I have 2 PVR's (non-Tivo Personal Video Recorders w/Hard Disks), my new one has an IR Blaster so that one is no problem and so far Comacast as only gone QAM on a few channels but over time will got to all, they are giving the converter away for free t oavoid the issue you mention.
In any event given the cost of the second converter box was only 6 bucks a month, I kept my old box, and Comcast has a feature where you can tell it to tune to a station on a set date/time and it does, so for the PVR I have that has no IR Blaster, I just use the cable programming feature.
As for my main TV, since the few channels that Comcast has changed I really don't watch I have my PVR hooked up both ways, an S-Video to the cable box for scrambled channels and those record through Input 1 and for the other channels with just the out of the wall cable, I program it through the PVR EPG, life is good. The PVR I have lets me pick the input source on a per channel basis. Since the cable programming option is not actually a function of the converter box itself but is controlled by Comcast, I do the same on it for setting digital channels my PVR can't process scrambled or not.
My main TV also has many input options, a QAM tuner so I still have that plugged into the wall as well as the HDMI input from the cable box and the component output from the cable box goes to my HT so I can upscale or upconvert.
So I have options out of kazooo. For casual TV watching, which for me is "flipping" and watching parts of several shows at once cutting between them during boring parts or commercials, you can't beat the speed of flipping from my TV which is why I like to use its tuner, the cable box making flipping painful, the TV just flies from channel to channel, I have no idea why cable boxes are so slow on channel changes...
In any event, until I cobble together my HTPC, my latest project, I am well covered now. Putting together a HTPC that with a QAM tuner(s), a Blu-Ray recorder, regular DVD/CD recorder is not really all that hard. The part I can't get is that total easy of use of the dedicated PVR's that dropped from the US markets last year.
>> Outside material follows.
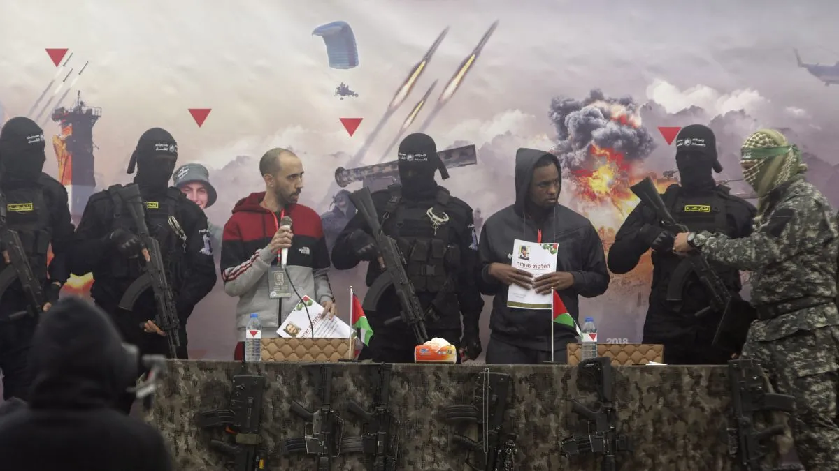 इससे पहले दिन में दक्षिणी गाजा शहर राफा में दो अन्य बंधकों को रिहा कर दिया गया था। दो बंधकों ताल शोहम (40) और एवेरा मेंगिस्टू (39) को नकाबपोश और हथियारबंद हमास लड़ाके मंच पर लाए और उसके बाद उन्हें रेड क्रॉस की एम्बुलेंस में बैठा दिया गया। इसके बाद एम्बुलेंस इजराइल में एक नजदीकी क्रॉसिंग की ओर बढ़ गई। छठे बंधक, हिशाम अल-सईद (36) को भी शनिवार को रिहा किया जाना है।

They are alive and well in Europe, Asia, Aisa-Pacific, but totally dead in the US markets so far, so my prject is to replicate in a PC with a A/V component footprint a PVR and the only missing piece is this highly integrated software that made it so easy to use, that I suspect that will come in time as more people take an interest in HTPC's, in the last year I have seen off-the-shelf units go from a few choices to a dozen or more, only time will tell how far that market will go, there is a limited demographic for it now.